━━━ Given data

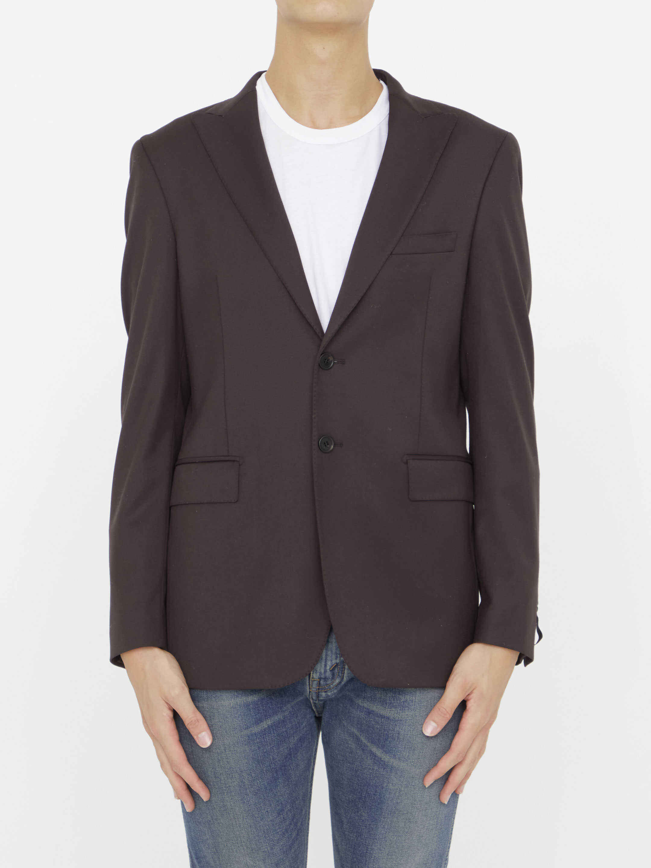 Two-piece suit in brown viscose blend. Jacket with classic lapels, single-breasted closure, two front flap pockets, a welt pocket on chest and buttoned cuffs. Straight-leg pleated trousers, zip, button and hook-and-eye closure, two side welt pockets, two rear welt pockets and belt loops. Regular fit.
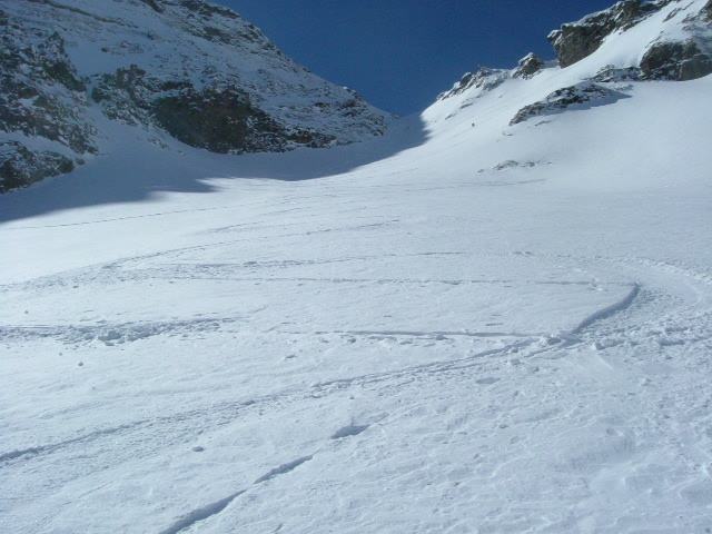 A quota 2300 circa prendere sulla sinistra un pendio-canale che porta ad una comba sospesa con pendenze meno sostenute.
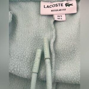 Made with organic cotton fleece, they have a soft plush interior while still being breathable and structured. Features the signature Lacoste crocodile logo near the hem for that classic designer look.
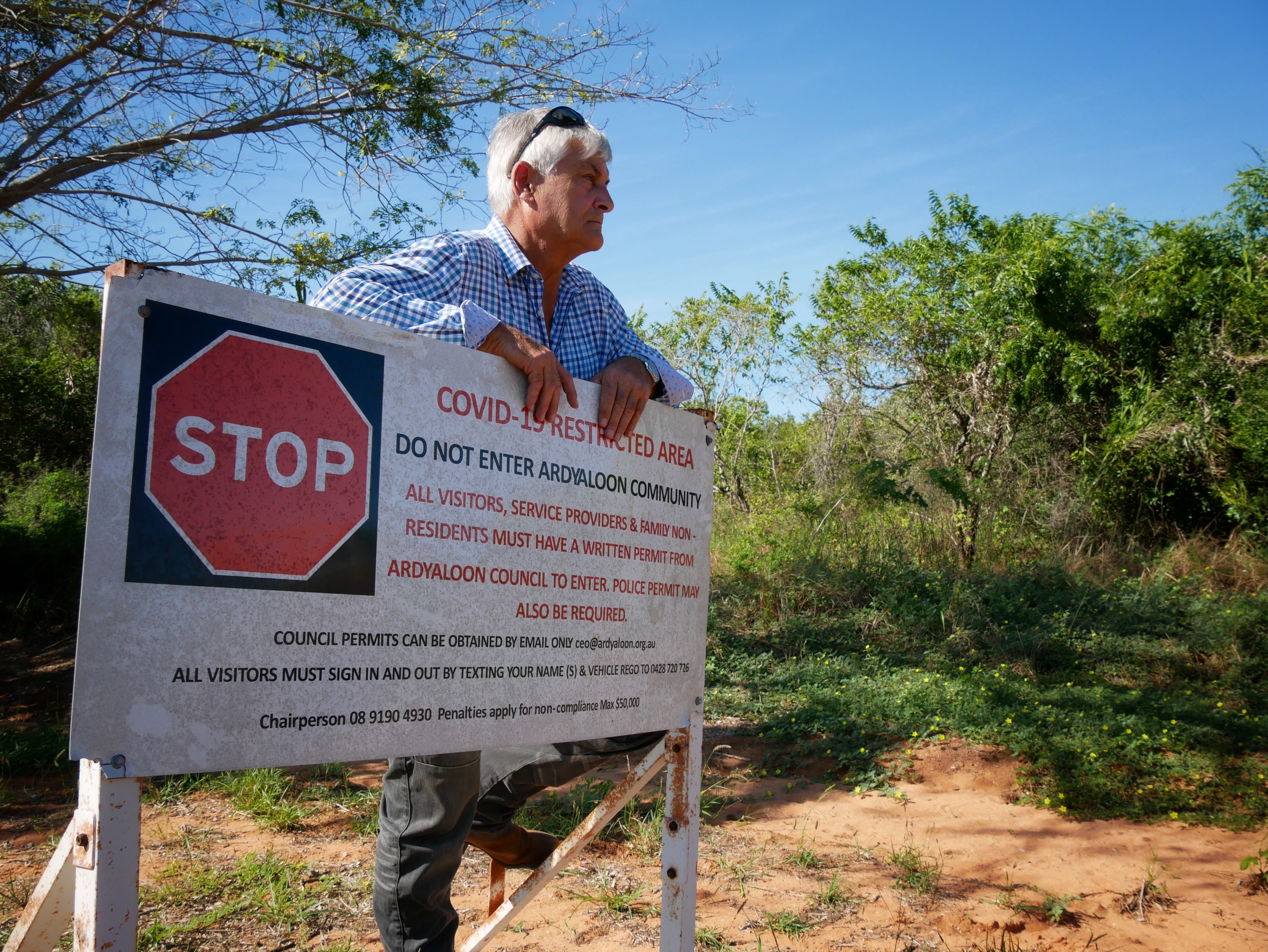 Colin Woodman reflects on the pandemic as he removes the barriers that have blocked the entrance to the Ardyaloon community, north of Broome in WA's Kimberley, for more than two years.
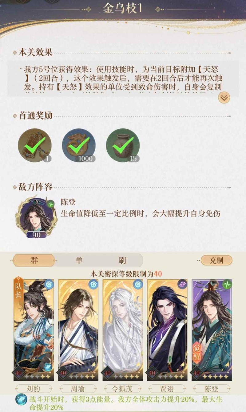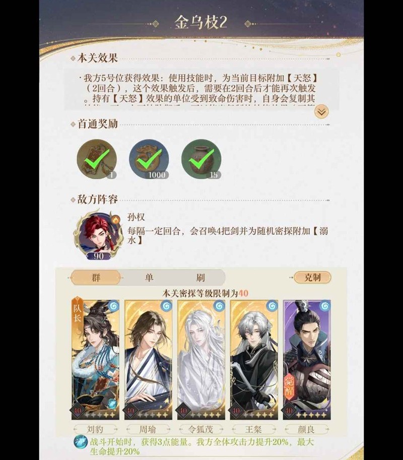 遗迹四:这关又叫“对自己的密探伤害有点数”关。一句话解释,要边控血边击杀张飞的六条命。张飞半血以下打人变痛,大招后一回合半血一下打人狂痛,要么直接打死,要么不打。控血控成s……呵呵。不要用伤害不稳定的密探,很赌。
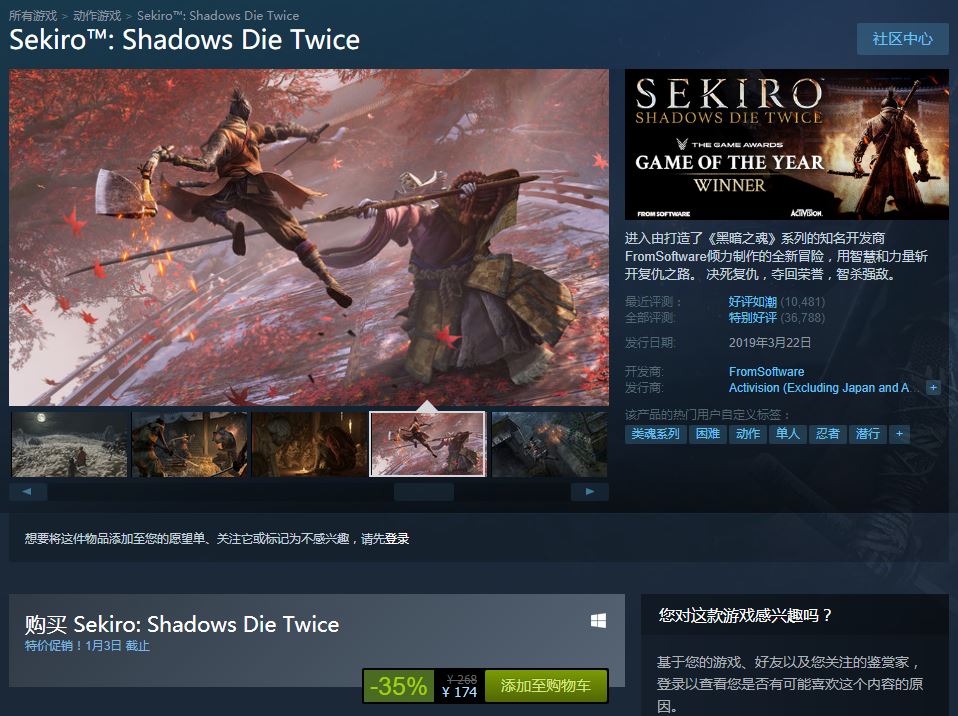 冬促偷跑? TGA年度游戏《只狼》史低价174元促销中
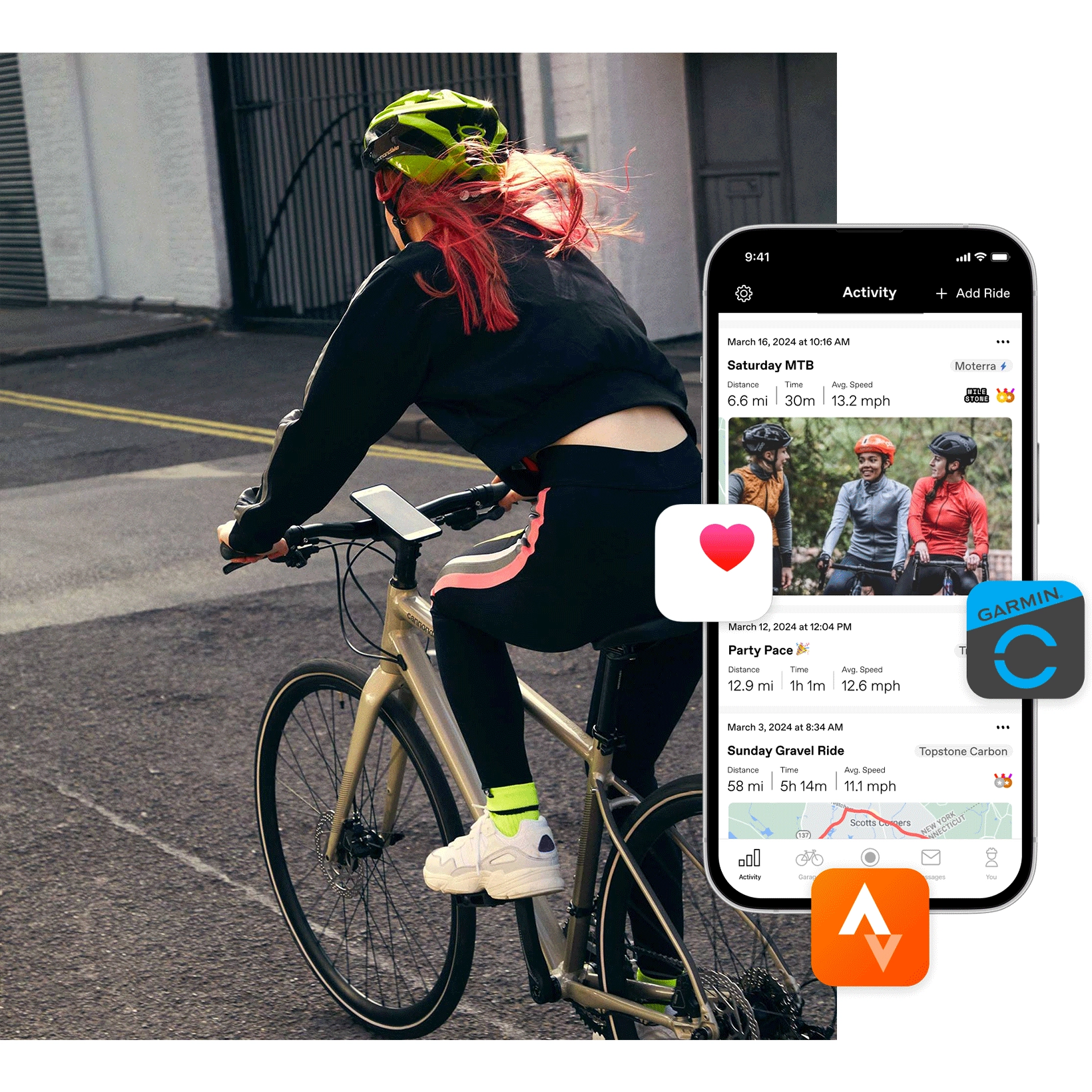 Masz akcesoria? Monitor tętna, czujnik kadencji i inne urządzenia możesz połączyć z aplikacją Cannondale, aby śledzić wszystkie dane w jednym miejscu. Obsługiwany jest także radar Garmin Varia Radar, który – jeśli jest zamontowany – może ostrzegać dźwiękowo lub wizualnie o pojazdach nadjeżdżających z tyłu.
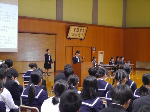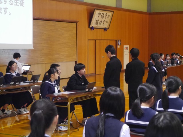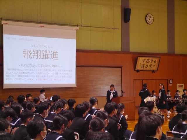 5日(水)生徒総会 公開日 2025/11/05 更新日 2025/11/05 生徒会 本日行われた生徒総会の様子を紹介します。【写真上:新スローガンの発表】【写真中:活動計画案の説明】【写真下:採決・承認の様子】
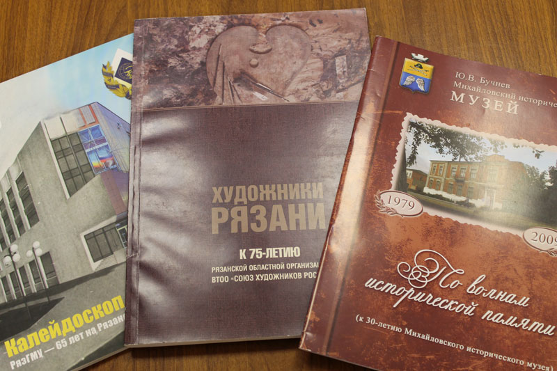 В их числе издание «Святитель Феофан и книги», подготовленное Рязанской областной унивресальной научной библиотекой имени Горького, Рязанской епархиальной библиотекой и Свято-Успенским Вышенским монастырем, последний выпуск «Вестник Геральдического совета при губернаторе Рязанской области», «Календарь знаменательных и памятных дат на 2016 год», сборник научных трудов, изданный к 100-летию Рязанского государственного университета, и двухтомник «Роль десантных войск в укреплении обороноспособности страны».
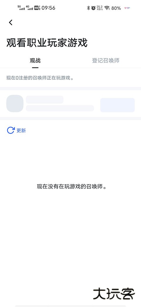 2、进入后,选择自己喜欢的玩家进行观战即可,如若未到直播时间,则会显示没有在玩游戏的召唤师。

━━━━━━

Exercise objective
An exact copy of all the data above is required; omit any pictures.

Response area
 Two-piece suit in brown viscose blend. Jacket with classic lapels, single-breasted closure, two front flap pockets, a welt pocket on chest and buttoned cuffs. Straight-leg pleated trousers, zip, button and hook-and-eye closure, two side welt pockets, two rear welt pockets and belt loops. Regular fit.
 A quota 2300 circa prendere sulla sinistra un pendio-canale che porta ad una comba sospesa con pendenze meno sostenute.
 Made with organic cotton fleece, they have a soft plush interior while still being breathable and structured. Features the signature Lacoste crocodile logo near the hem for that classic designer look.
 Colin Woodman reflects on the pandemic as he removes the barriers that have blocked the entrance to the Ardyaloon community, north of Broome in WA's Kimberley, for more than two years.
 遗迹四:这关又叫“对自己的密探伤害有点数”关。一句话解释,要边控血边击杀张飞的六条命。张飞半血以下打人变痛,大招后一回合半血一下打人狂痛,要么直接打死,要么不打。控血控成s……呵呵。不要用伤害不稳定的密探,很赌。
 冬促偷跑? TGA年度游戏《只狼》史低价174元促销中
 Masz akcesoria? Monitor tętna, czujnik kadencji i inne urządzenia możesz połączyć z aplikacją Cannondale, aby śledzić wszystkie dane w jednym miejscu. Obsługiwany jest także radar Garmin Varia Radar, który – jeśli jest zamontowany – może ostrzegać dźwiękowo lub wizualnie o pojazdach nadjeżdżających z tyłu.
 5日(水)生徒総会 公開日 2025/11/05 更新日 2025/11/05 生徒会 本日行われた生徒総会の様子を紹介します。【写真上:新スローガンの発表】【写真中:活動計画案の説明】【写真下:採決・承認の様子】
 В их числе издание «Святитель Феофан и книги», подготовленное Рязанской областной унивресальной научной библиотекой имени Горького, Рязанской епархиальной библиотекой и Свято-Успенским Вышенским монастырем, последний выпуск «Вестник Геральдического совета при губернаторе Рязанской области», «Календарь знаменательных и памятных дат на 2016 год», сборник научных трудов, изданный к 100-летию Рязанского государственного университета, и двухтомник «Роль десантных войск в укреплении обороноспособности страны».
 2、进入后,选择自己喜欢的玩家进行观战即可,如若未到直播时间,则会显示没有在玩游戏的召唤师。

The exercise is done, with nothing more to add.